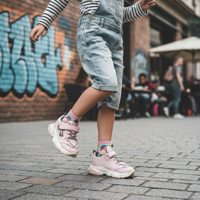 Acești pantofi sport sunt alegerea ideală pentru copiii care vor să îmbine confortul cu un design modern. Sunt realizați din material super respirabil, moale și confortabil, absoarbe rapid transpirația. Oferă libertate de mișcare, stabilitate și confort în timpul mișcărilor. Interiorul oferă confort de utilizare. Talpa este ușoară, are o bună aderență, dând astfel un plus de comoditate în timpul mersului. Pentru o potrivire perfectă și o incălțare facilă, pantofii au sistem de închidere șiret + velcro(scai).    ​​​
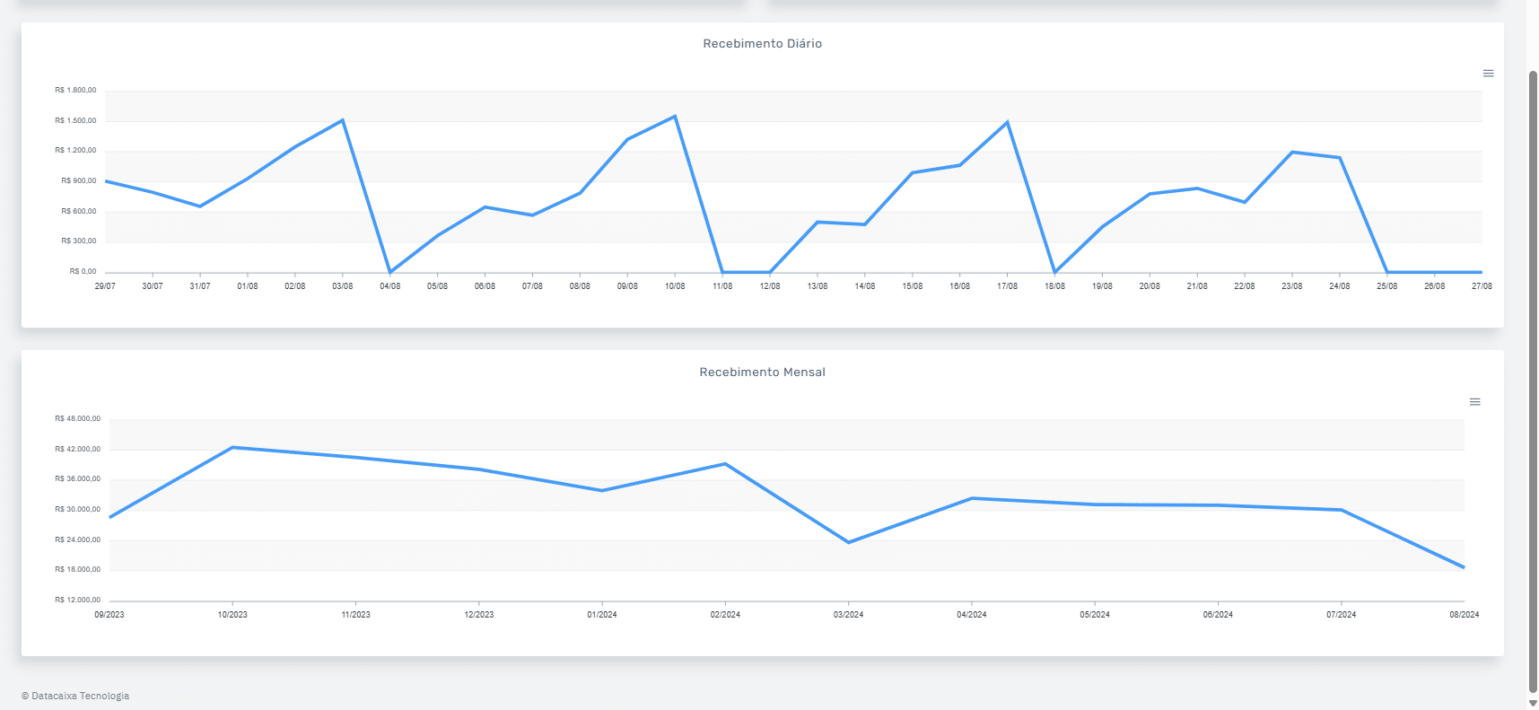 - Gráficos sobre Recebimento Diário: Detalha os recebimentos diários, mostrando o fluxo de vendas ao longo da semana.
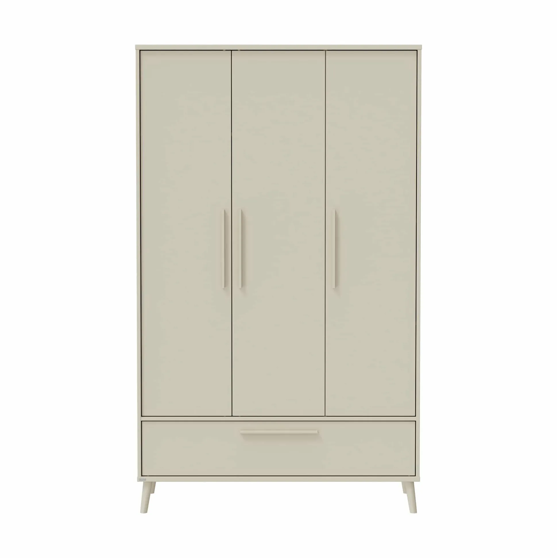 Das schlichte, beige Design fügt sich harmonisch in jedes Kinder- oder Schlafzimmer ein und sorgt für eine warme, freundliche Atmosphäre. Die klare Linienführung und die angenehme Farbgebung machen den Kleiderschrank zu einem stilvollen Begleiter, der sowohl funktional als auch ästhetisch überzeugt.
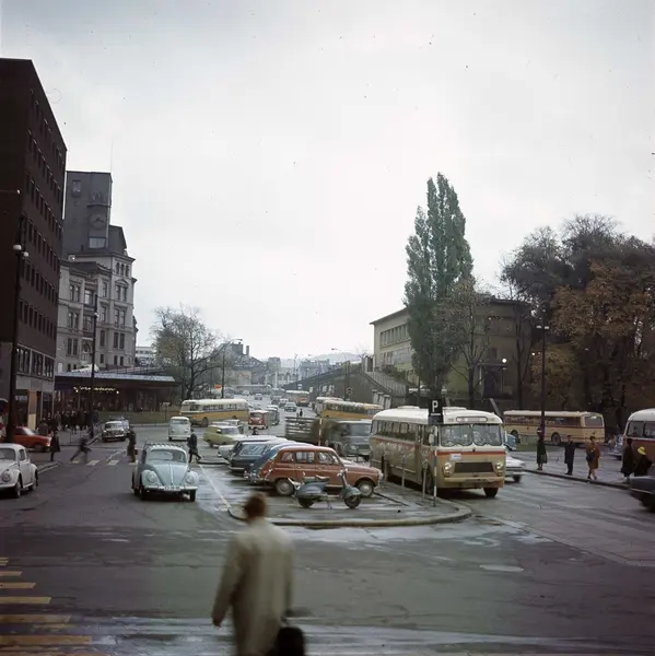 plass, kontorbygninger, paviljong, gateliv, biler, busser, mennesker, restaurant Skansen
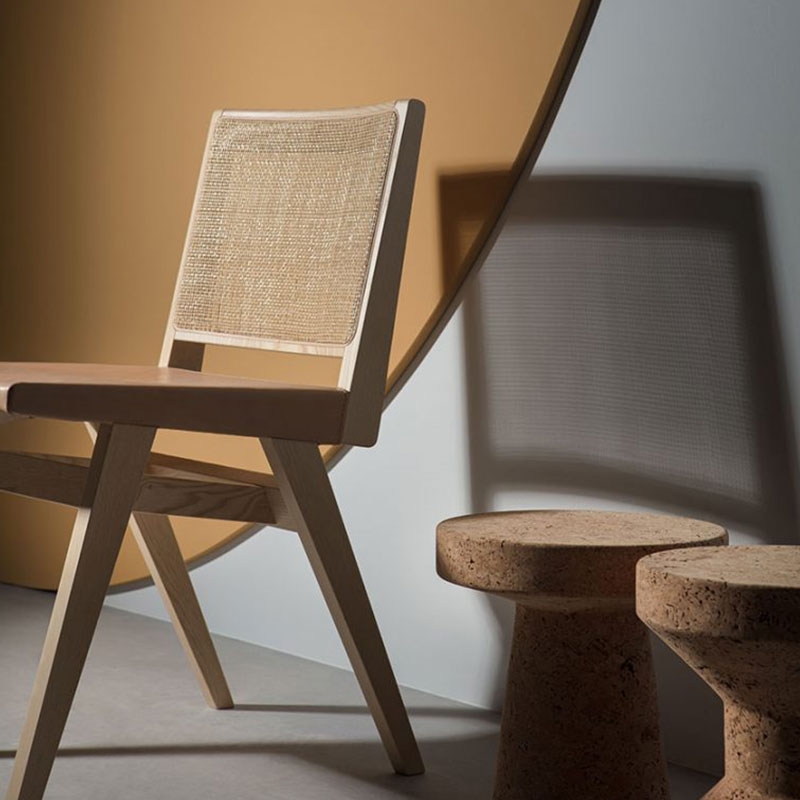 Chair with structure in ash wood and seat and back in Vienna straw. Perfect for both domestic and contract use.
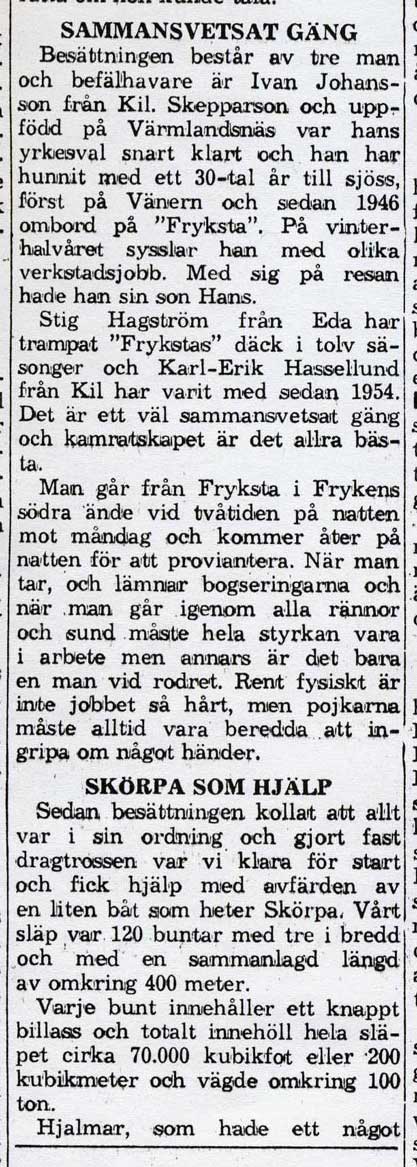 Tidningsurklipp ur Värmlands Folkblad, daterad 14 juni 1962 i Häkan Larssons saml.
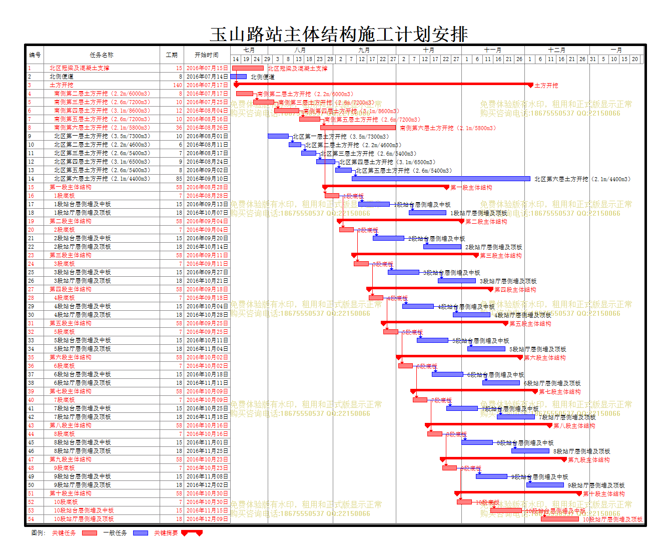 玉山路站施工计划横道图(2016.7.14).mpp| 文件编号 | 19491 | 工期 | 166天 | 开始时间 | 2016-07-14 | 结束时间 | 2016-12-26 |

▬▬▬

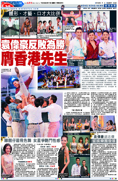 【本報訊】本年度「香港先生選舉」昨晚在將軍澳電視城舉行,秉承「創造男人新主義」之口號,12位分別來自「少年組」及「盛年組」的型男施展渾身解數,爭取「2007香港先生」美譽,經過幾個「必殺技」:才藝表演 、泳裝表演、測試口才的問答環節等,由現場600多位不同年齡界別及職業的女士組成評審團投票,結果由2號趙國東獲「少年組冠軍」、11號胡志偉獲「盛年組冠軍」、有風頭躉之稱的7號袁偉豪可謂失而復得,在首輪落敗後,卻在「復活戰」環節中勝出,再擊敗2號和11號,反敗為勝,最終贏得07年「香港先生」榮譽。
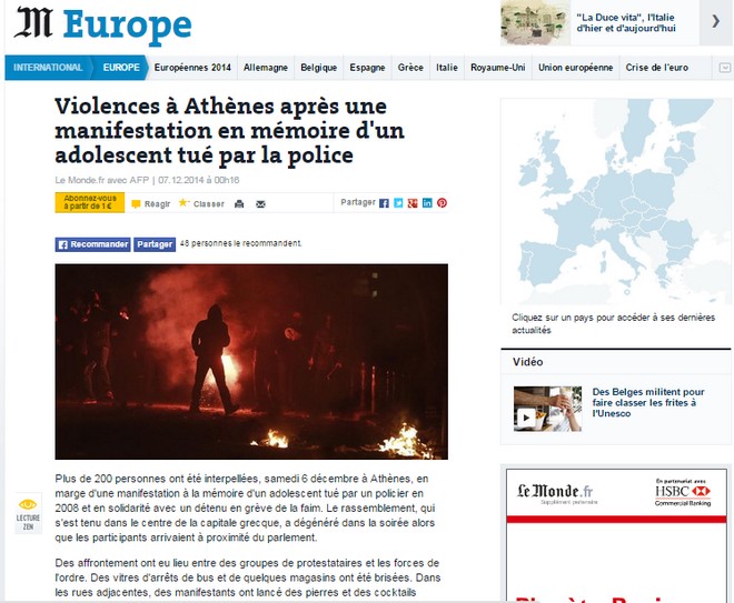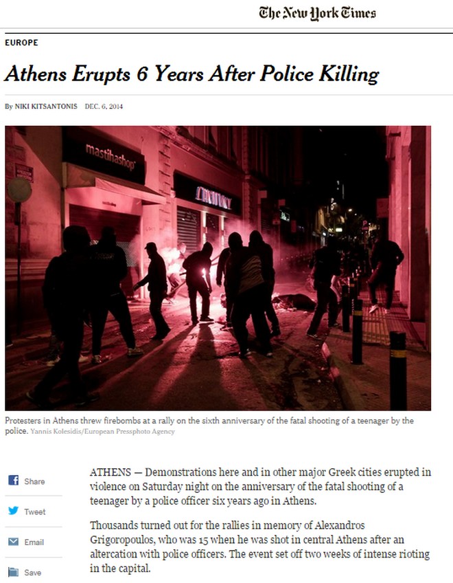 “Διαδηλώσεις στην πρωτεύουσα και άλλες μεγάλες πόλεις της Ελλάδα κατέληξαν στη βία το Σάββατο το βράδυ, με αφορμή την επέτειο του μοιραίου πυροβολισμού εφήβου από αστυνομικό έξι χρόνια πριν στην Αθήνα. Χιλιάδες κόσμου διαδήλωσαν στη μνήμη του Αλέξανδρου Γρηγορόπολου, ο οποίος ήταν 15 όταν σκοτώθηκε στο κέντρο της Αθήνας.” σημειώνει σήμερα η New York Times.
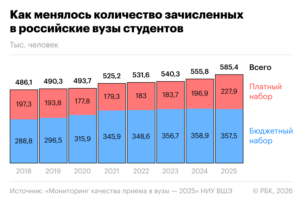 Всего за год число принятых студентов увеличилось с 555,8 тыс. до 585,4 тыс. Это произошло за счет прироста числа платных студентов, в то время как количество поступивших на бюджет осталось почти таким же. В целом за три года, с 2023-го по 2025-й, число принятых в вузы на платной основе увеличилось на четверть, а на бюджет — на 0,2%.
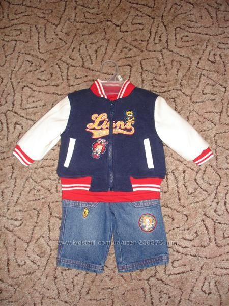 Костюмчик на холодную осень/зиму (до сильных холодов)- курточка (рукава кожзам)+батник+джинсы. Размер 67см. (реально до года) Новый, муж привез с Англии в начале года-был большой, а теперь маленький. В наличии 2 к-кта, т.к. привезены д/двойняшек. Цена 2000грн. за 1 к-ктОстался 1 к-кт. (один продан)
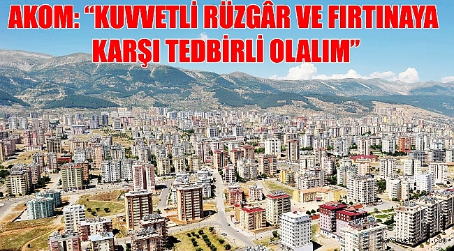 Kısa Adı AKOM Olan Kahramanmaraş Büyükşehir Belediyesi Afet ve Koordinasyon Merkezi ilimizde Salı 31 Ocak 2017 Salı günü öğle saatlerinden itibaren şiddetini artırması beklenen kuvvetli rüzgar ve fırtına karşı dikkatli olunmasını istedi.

▬▬▬

• [TASK INSTRUCTIONS] Here the job is to copy the listing above word for word, starting at the line with "Всего за год" and ending at the line with "Kısa Adı AKOM", and to leave out the pictures.

• [EXPECTED ANSWER]
 Всего за год число принятых студентов увеличилось с 555,8 тыс. до 585,4 тыс. Это произошло за счет прироста числа платных студентов, в то время как количество поступивших на бюджет осталось почти таким же. В целом за три года, с 2023-го по 2025-й, число принятых в вузы на платной основе увеличилось на четверть, а на бюджет — на 0,2%.
 Костюмчик на холодную осень/зиму (до сильных холодов)- курточка (рукава кожзам)+батник+джинсы. Размер 67см. (реально до года) Новый, муж привез с Англии в начале года-был большой, а теперь маленький. В наличии 2 к-кта, т.к. привезены д/двойняшек. Цена 2000грн. за 1 к-ктОстался 1 к-кт. (один продан)
 Kısa Adı AKOM Olan Kahramanmaraş Büyükşehir Belediyesi Afet ve Koordinasyon Merkezi ilimizde Salı 31 Ocak 2017 Salı günü öğle saatlerinden itibaren şiddetini artırması beklenen kuvvetli rüzgar ve fırtına karşı dikkatli olunmasını istedi.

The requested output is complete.